I picked about a kilo to pickle. Also drove along the river side 🙂
This is my latest project to encourage butterflies. Helen Quince and her son Bernard are propagating special plants to encourage butterflies. So many butterflies need plants that are disappearing because gardeners and farmers consider them to be weeds. Butterflies need special weeds to lay their eggs on, like nettle and Swan Bush.
I got a little Swan Bush and this caterpillar from Helen. The bush is being eaten but the caterpillar is getting bigger! I just hope the birds don’t get it. I put it in the shrubs near the Buddleias – Butterfly Bushes!
This week I sowed a winter Turnip, a local heirloom that was developed by Dick Smithson of Beaufort. It’s a Swede or Rutabaga, with a sweet, mild flavour and very easy to grow over winter.
Florence Fennel was also sown because it seems to do better started now and grown in the cooler months, although most books tell you to start it in the spring. Our summers are too hot for it and it will tend to grow tough and stringy bulbs in hot weather.
I started an old variety of Beetroot, called Egyptian. It’s very reliable and the leaves can be used like spinach too. In ancient times beets were cultivated in Egypt, as were Broad beans, or Faba Beans, which were a staple part of the diet. They can be sown now . I have Red Seeded Peruvian broad beans which are a compact bushy plant , less susceptible to wind damage. The pods and seeds are smaller than the common varieties, but this means less tough skins on the seeds and a sweeter flavour.
This is the time to start onions, and garlic of all varieties as they do well over winter and can be harvested in spring. I grow easy varieties, such as the Russian Garlic, which is really a Leek which makes giant cloves and tall stems with big purple flowers which are very ornamental. and the very old Walking Onions which go by many names, and develop into a clump of bunching onions like French Shallots.
Many flowers for spring can be sown now; Peony and Flanders Poppies, Honesty, Hollyhocks and Calendulas.

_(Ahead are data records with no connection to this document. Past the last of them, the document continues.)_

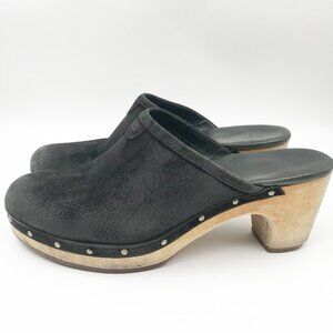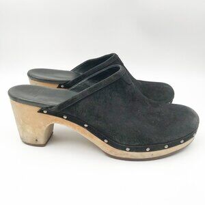 UGG Abbie Black Suede Leather Slip On Block Heel Studded Clogs Womens 10
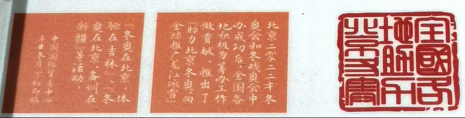 作品邊款:北京2022年冬奧會和冬殘奧會申辦成功后,全國各地積極為籌辦工作做貢獻,推出了“助力北京冬奧,向全球推廣龍江冰雪”、“冬奧在北京,體驗在吉林”、“冬奧在北京,備訓在新疆”等活動。
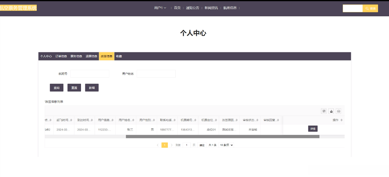 (3)改签信息:点击“改签信息”按钮会显示出所有的改签信息,支持对改签信息增删改查操作。
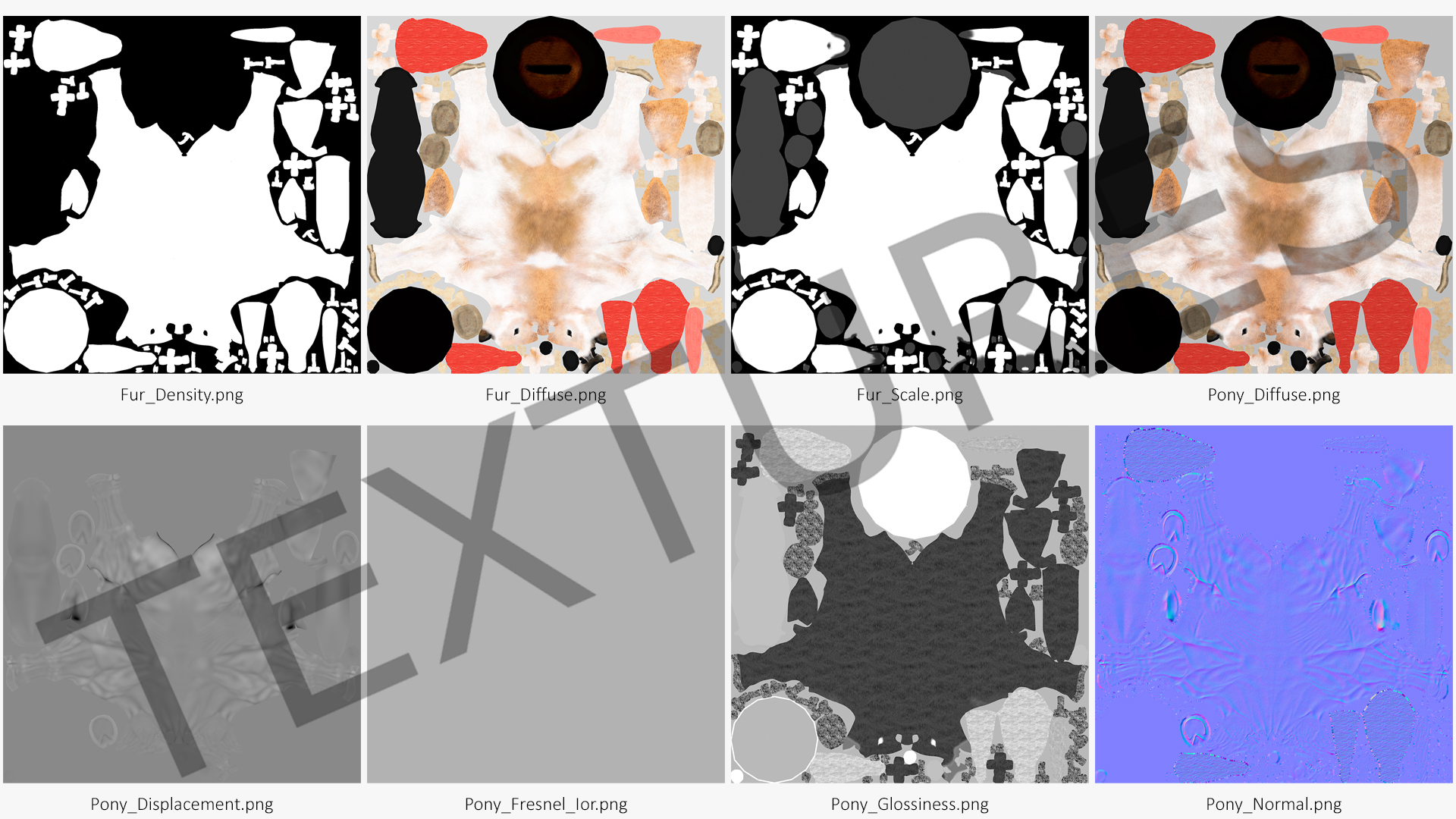 Pony with Long Mane Grazing in a Meadow Fur is a high quality, photo real 3d model that will enhance detail and realism to any of your rendering projects. The model has a fully textured, detailed design that allows for close-up renders, and was originally modeled in 3ds Max 2020 and rendered with V-Ray. Renders have no postprocessing!
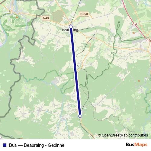 The first stop of the Bus bus route is Beauraing and the last stop is Gedinne. Bus (Beauraing - Gedinne) is operational during in het weekend.

Away from the humidity of the coast, they are free of rust and mildew. Californian Poppies which also come from an arid climate, do very well, and like the Calendulas, will naturalise. Similarly, the Australian Paper Daisies, Helichrysums, can be sown now for a late winter flowering.
Yesterday I went to the nursery in Dimboola and bought a small tree and some ground cover plants. Amazingly, it rained in the afternoon about 5mm, and now it is misty rain this morning. I don’t think the rain was forecast but very welcome all the same.
I have 15 birds now and a few too many. My friend Trenton who lives over in Maldon also raises ducks. From time to time we replenish each other’s stock, so I’ll have to take some over to him in the next couple of months.
Sir Francis has his matrimonial feathers now. It is sad that duck hunting season starts again here soon. At least it is banned in other states.